Page 50 of Entwined Lies (Entwined #1)
Luca
“We’re almost there,” Enzo said, his voice cutting through the suffocating tension.
“Time to end this.” The words hissed out between my clenched teeth.
But if I were being honest with myself? This wouldn’t end here.
This wasn’t just about saving them—it was about getting them back, about holding on to the one thing that made life feel like it wasn’t already over.
I’d given up on anything more than violence and emptiness a long time ago, accepted that this world didn’t have anything else for me.
But Isabelle and Jake—they gave me a glimpse of something I thought I’d never have.
And now? Now I couldn’t stand the thought of something happening to them.
In the back of my mind, Chrissy’s call lingered like a bad taste.
I told her to reach out to their FBI contacts—a desperate move that may get us all nailed to the wall.
It screamed just how deep in the shit we were.
The feds showing up wouldn’t be pretty. They’d blow the whole thing apart, send it spinning out of our hands in a heartbeat.
But when you’re drowning, you reach for the lifeline. Even if it might strangle you.
Still… what if it didn’t matter? What if we were too fucking late?
The tires screeched as we took a sharp turn, the sound slicing through the still, empty streets. The abandoned factory wasn’t far now, and with every second, that gnawing fear grew .
“Luca.” Enzo’s voice snapped me out of the spiral in my head. “Focus. We’re getting them back. We’ll make them pay.”
I nodded, pushing everything else down, shoving it into the pit where I kept all the shit I didn’t have time to deal with.
“Let’s do this,” I said, forcing the words out.
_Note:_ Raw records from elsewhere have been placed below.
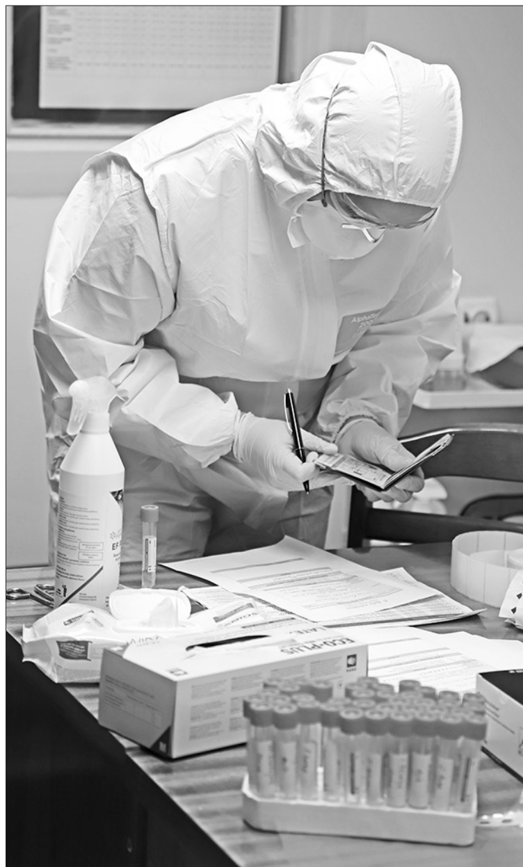
"COVID-19" TESTUS VEICA pirmsskolas izglītības iestāžu "Zilīte" un "Auseklītis" telpās, kur strādāja E. Gulbja laboratorijas speciālisti no Jēkabpils.

Testēšanas rezultātus saņems katrs darbinieks individuāli. Pozitīva testa gadījumā informācija tiks sniegta arī pirmsskolas iestādes vadītājam, un pašvaldība rīkosies atbilstoši Slimību profilakses un kontroles centra rekomendācijām.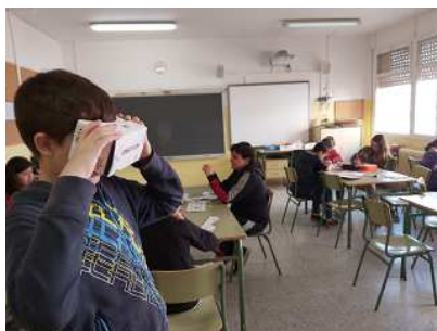
Taller Realitat Virtual/Realitat Augmentada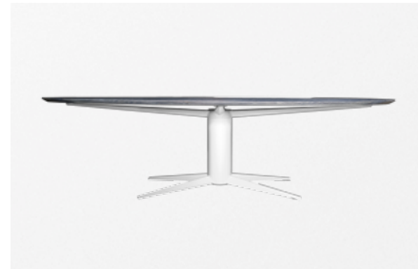
SEUREN JUMP *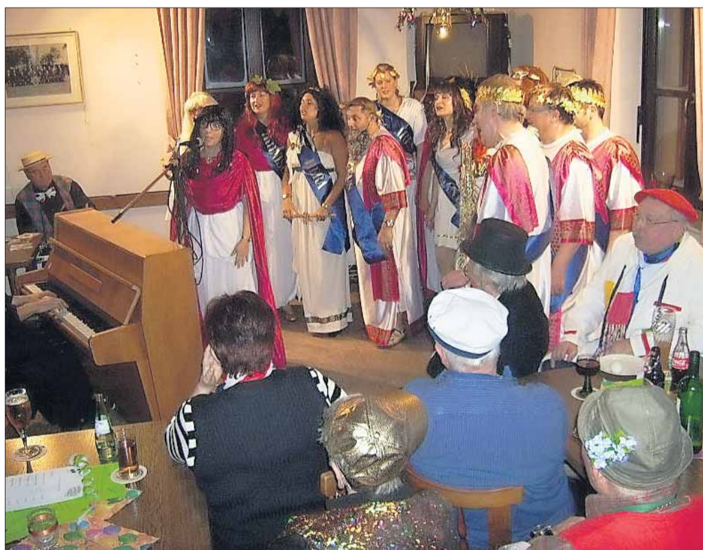
Die Götter vom Olymp begeisterte die Narrenschar des Volkschors bei ihrer närrischen Singstunde im prall gefüllten Sängerheim. Die Gruppe Cross Voices unter Leitung von Stefan Weih riss das närrische Auditorium mit und wurde mit dankbarem Applaus gefeiert.

Because if I fall apart now, we’re all screwed.
The building was right in front of me now—dark, massive, swallowing whatever light touched it.
Too quiet. That kind of quiet that doesn’t mean calm. It means danger.
I parked, but I didn’t move. My hands stayed clenched on the wheel long after the engine cut out. For a split second, I couldn’t move. Couldn’t bring myself to get out and face whatever waited inside.
Enzo nudged me. “Luca, we need to move. Now.”
I shoved the door open. The heat hit me hard, as if it had something to prove. Everything else dropped away—the noise, the night, everything that wasn’t the burn in my chest. Each step narrowed the world. Just the sound of my boots and the rage that kept me moving.
Enzo threw up a hand.
We stopped.
He nodded toward the entrance.
Two men. Armed. Locked in place. Scanning the dark like they could smell us. Ivanov’s goons, no doubt.
Nina moved like smoke, fading into the dark without a word. She didn’t make noise. She made ghosts.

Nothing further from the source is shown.